My father raised me to cherish and protect free speech, but the very liberty that free speech was designed to protect is at stake when it is used to spread venom and incite violence. Just as it is universally recognized that shouting fire in a crowded theater is dangerous and should be prohibited, so, too, must we now recognize that rampant online incitement is a danger that must be reckoned with immediately, before more innocent people end up as victims.

The companies who’ve turned social media platforms into very big business argue, and rightly so, that monitoring each post is nearly impossible, that permitting users the freedom of expression is essential, that there are already steps in place to combat hate speech. All that is true. But something new is happening today, and what Facebook, Twitter and the others must realize is that the question of incitement on social media isn’t just a logistical or financial question but, first and foremost, a moral one.
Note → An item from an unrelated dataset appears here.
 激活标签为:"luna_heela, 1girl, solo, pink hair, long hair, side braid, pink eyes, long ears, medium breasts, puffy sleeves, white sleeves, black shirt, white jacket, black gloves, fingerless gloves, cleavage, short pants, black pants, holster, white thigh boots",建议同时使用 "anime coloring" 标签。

This wave of terrorism is different from anything we’ve seen, involving not terrorists recruited by shadowy organizations but ordinary young men and women inspired by hateful and bloody messages they see online to take matters and blades into their own hands. Just as many of us now argue that we should hold gun manufacturers responsible for the devastation brought about by their products, we should demand the same of social media platforms, now being used as sources of inspiration and instruction for murderers.
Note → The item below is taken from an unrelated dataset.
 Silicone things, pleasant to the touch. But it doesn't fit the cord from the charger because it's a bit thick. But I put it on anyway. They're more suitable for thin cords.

One immediate solution is to remove blatant incitement without waiting for formal complaints — it’s one thing to express a political opinion, even one that supports violent measures, and another to publish a how-to chart designed to train and recruit future terrorists. To that end, an Israeli nonprofit took legal actionagainst Facebook earlier this week, demanding that the company do more to monitor and remove unacceptable content. My family joined the lawsuit as plaintiffs. Still, I believe that any truly successful effort to curb the culture of hate on social media must come from the companies themselves.
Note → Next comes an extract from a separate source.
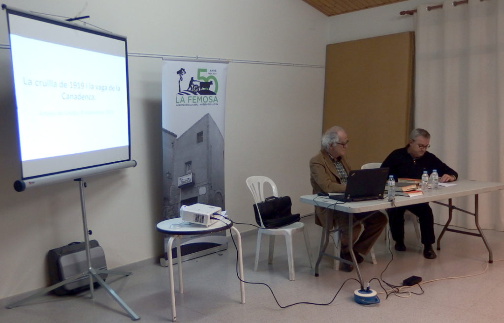 Conferència: La cruïlla de 1919 i la vaga de la Canadenca, a càrrec de Josep Varela i Serra, que va tenir lloc el 8 de novembre de 2019, a 2/4 de 9 del vespre al 1r pis de la Llar de Jubilats, carrer Vileta s/n

Companies can become more active in combating hate. The popular social networking site Reddit, for example, not only banned specific types of unacceptable content — such as a group encouraging rape — but it also engaged specific user groups in dialogue, a simple act of civility that succeeded in curbing the worst rhetoric. Companies can and must work harder — using all the tools at their disposal — to create an online culture that does not tolerate violence and hate.

Sadly, for my father, it’s too late: Two weeks after the attack, he succumbed to his wounds. When they heard the news of his passing, many of his friends — Christians, Muslims, Jews — posted his favorite photo on their social media channels. It shows an Arab and an Israeli boy, their arms around each other, while the text around them spells simply “coexist.”

Micah Lakin Avni is chief executive of the Peninsula Group Ltd., a commercial finance company based in Tel Aviv.